Data below:
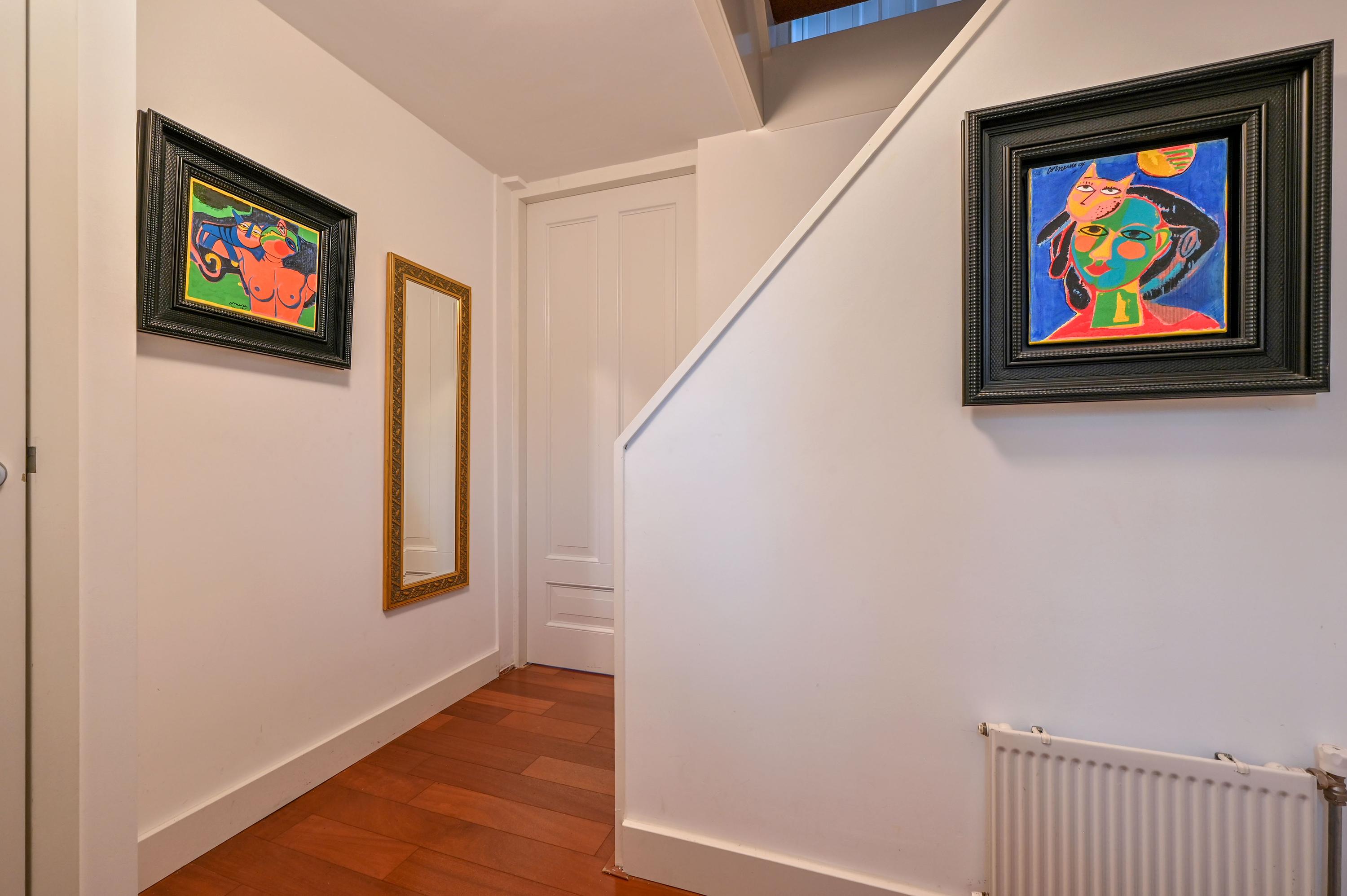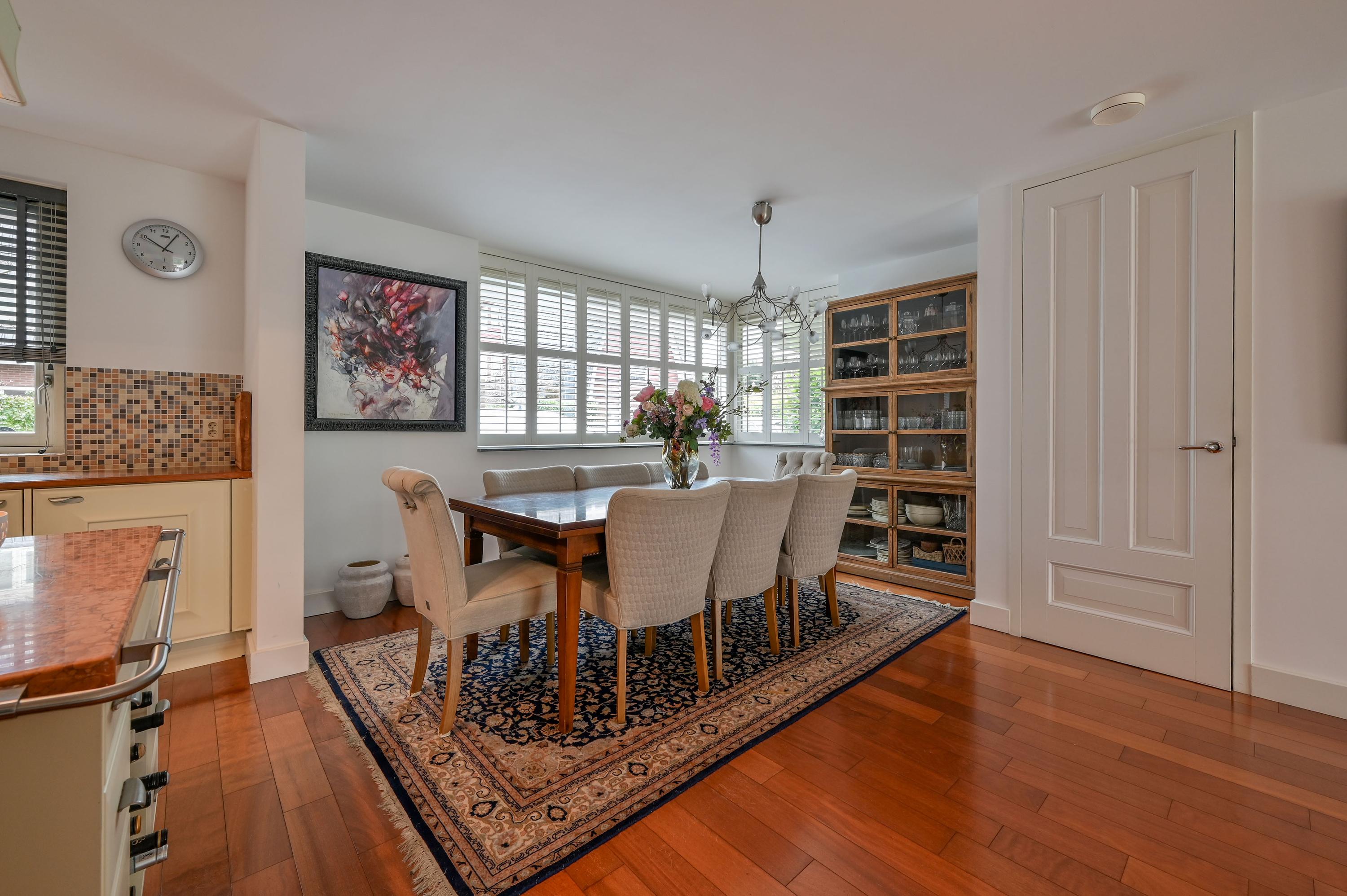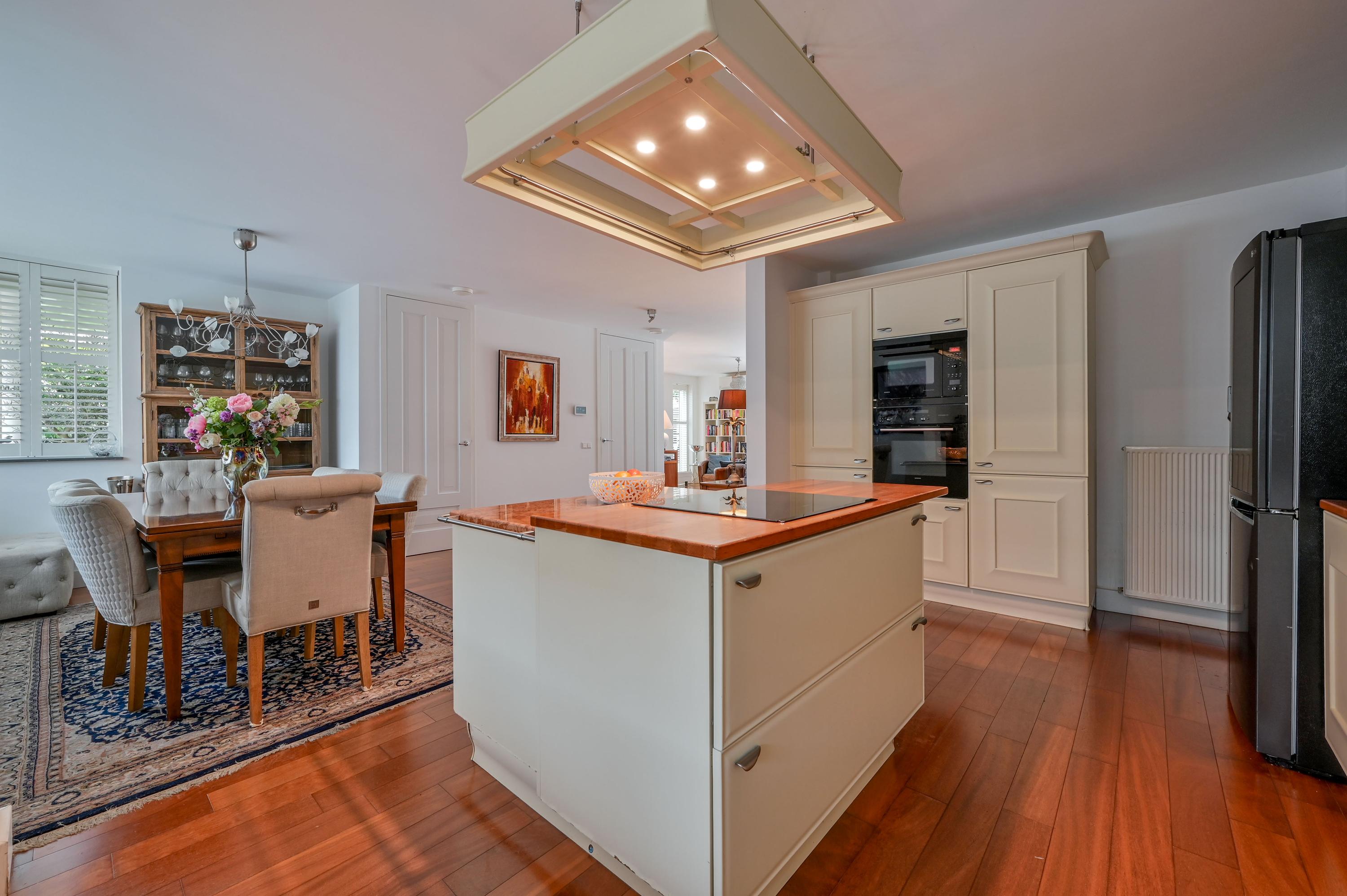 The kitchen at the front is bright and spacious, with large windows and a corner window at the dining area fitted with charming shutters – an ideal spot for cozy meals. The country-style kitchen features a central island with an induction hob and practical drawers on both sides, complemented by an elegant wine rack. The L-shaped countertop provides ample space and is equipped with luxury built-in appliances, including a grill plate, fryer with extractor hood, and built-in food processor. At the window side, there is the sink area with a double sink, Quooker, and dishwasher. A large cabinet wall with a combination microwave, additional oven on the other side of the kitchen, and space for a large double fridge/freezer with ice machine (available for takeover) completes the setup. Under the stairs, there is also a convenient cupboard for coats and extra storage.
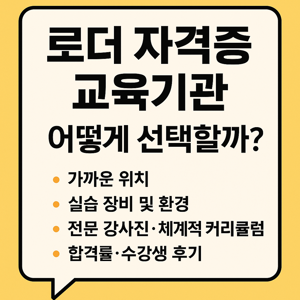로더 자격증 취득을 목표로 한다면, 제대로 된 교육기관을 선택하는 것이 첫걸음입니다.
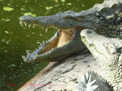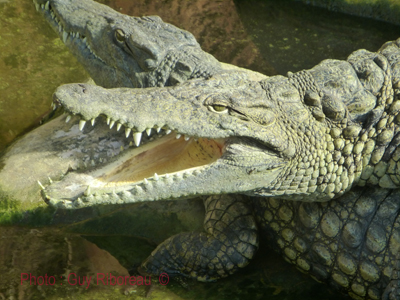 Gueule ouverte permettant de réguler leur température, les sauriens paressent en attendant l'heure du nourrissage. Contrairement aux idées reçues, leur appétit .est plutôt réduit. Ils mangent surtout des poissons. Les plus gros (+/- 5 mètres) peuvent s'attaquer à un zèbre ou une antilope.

Action item:
In your copy, the listing above should appear word for word, with no images.

Written response:
 The kitchen at the front is bright and spacious, with large windows and a corner window at the dining area fitted with charming shutters – an ideal spot for cozy meals. The country-style kitchen features a central island with an induction hob and practical drawers on both sides, complemented by an elegant wine rack. The L-shaped countertop provides ample space and is equipped with luxury built-in appliances, including a grill plate, fryer with extractor hood, and built-in food processor. At the window side, there is the sink area with a double sink, Quooker, and dishwasher. A large cabinet wall with a combination microwave, additional oven on the other side of the kitchen, and space for a large double fridge/freezer with ice machine (available for takeover) completes the setup. Under the stairs, there is also a convenient cupboard for coats and extra storage.
로더 자격증 취득을 목표로 한다면, 제대로 된 교육기관을 선택하는 것이 첫걸음입니다.
 Gueule ouverte permettant de réguler leur température, les sauriens paressent en attendant l'heure du nourrissage. Contrairement aux idées reçues, leur appétit .est plutôt réduit. Ils mangent surtout des poissons. Les plus gros (+/- 5 mètres) peuvent s'attaquer à un zèbre ou une antilope.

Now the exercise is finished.